DP: (sigh...) OK. I’m still never going to design an artificial intelligence to have uncertain observations. It just doesn’t seem like something you do on purpose.
What makes you think that having certain observations is possible for an AI?
DP:I’m not saying that hardware is infinitely reliable, or confusing a camera for direct access to reality, or anything like that. But, at some point, in practice, we get what we get, and we have to take it for granted. Maybe you consider the camera unreliable, but you still directly observe what the camera tells you. Then you would make probabilistic inferences about what light hit the camera, based on definite observations of what the camera tells you. Or maybe it’s one level more indirect from that, because your communication channel with the camera is itself imperfect. Nonetheless, at some point, you know what you saw—the bits make it through the peripheral systems, and enter the main AI system as direct observations, of which we can be certain. Hardware failures inside the core system can happen, but you shouldn’t be trying to plan for that in the reasoning of the core system itself—reasoning about that would be intractable. Instead, to address that concern, you use high-reliability computational methods at a lower level, such as redundant computations on separate hardware to check the integrity of each computation.
RJ:Then the error-checking at the lower level must be seen as part of the rational machinery.
DP:True, but all the error-checking procedures I know of can also be dealt with in a classical bayesian framework.
RJ:Can they? I wonder. But, I must admit, to me, this is a theory of rationality for human beings. It’s possible that the massively parallel hardware of the brain performs error-correction at a separated, lower level. However, it is also quite possible that it does not. An abstract theory of rationality should capture both possibilities. And is this flexibility really useless for AI? You mention running computations on different hardware in order to check everything. But this requires a rigid setup, where all computations are re-run a set number of times. We could also have a more flexible setup, where computations have confidence attached, and running on different machines creates increased confidence. This would allow for finer-grained control, re-running computations when the confidence is really important. And need I remind you that belief prop in Bayesian networks can be understood in radical probabilist terms? In this view, a belief network can be seen as a network of experts communicating with one another. This perspective has been, as I understand it, fruitful.

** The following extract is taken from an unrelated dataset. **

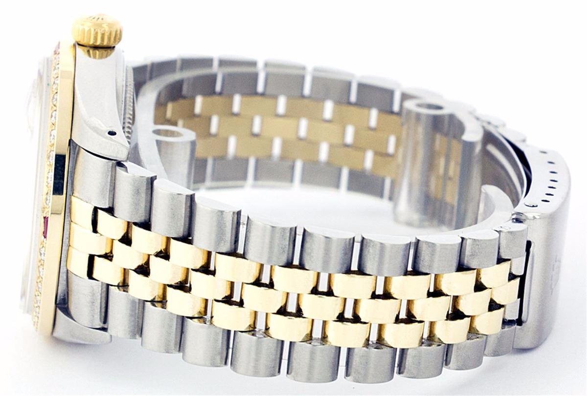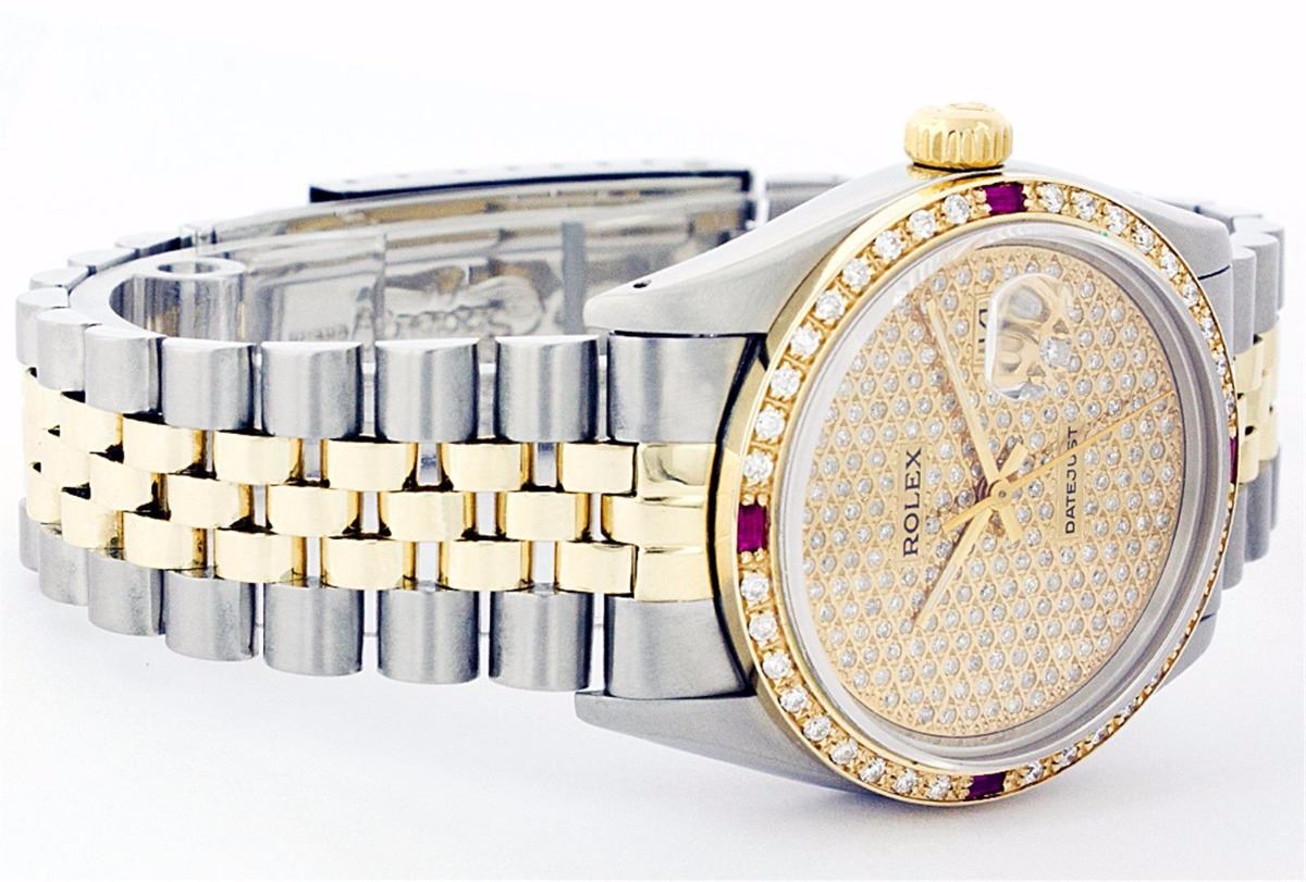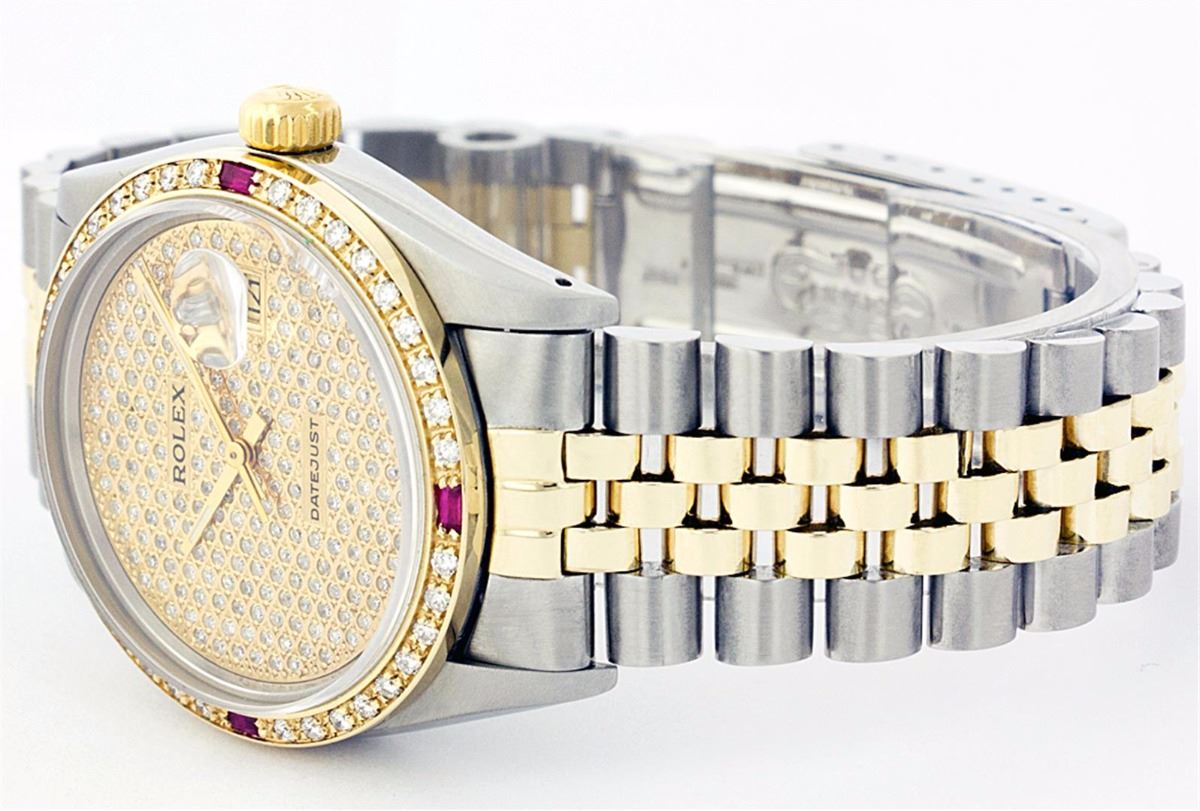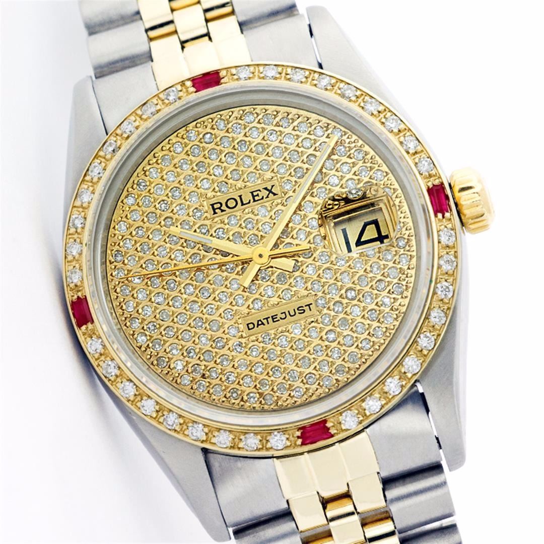 One Gents Two Tone Rolex Datejust Polished, Serviced & Electronically Tested, 14K Yellow Gold & Stainless Steel Case:36mm, 14K Yellow Gold Crown, Custom Bezel: 18K Yellow Gold Ruby Beadset Diamond Bezel, Diamond Count: 36 Diamonds + 4 Rubies Total Weight 1.00 Carat, Clarity: Si-VS, Color: G to H. Custom Crystal: Synthetic Sapphire Cyclops Lens. Movement: Automatic Winding Movement Caliber 3035. Custom Dial: Full Pave Diamond Dial with a total diamond weight of 1.00cts, G To H In Color, SI-VS Clarity. Date Window: 3 O'Clock Position Date Display, Quickset, Model: 16013 Condition: G-6 Extra Fine. Bracelet: Two Tone 14K Yellow Gold & Stainless Steel Jubilee. Bright Polish. 6.5 Inch Length, Adjustable. Standard Clasp, With Rolex Logo.

DP:Sure, but we can also see belief prop as just an efficient way of computing the regular Bayesian math. The efficiency can come from nowhere special, rather than coming from a core insight about rationality. Algorithms are like that all the time—I don’t see the fast fourier transform as coming from some basic insight about rationality.
RJ:The “factor graph” community says that belief prop and fast fourier actually come from the same insight! But I concede the point; we don’t actually need to be radical probabilists to understand and use belief prop. But why are you so resistant? Why are you so eager to posit a well-defined boundary between the “core system” and the environment?
DP:It just seems like good engineering. We want to deal with a cleanly defined boundary if possible, and it seems possible. And this way we can reason explicitly about the meaning of sensory observations, rather than implicitly being given the meaning by way of uncertain updates which stipulate a given likelihood ratio with no model. And it doesn’t seem like you’ve given me a full alternative—how do you propose to, really truly, specify a system without a boundary? At some point, messages have to be interpreted as uncertain evidence. It’s not like you have a camera automatically feeding you virtual evidence, unless you’ve designed the hardware to do that. In which case, the boundary would be the camera—the light waves don’t give you virtual evidence in the format the system accepts, even if light is “fundamentally uncertain” in some quantum sense or whatever. So you have this boundary, where the system translates input into evidence (be it uncertain or not) -- you haven’t eliminated it.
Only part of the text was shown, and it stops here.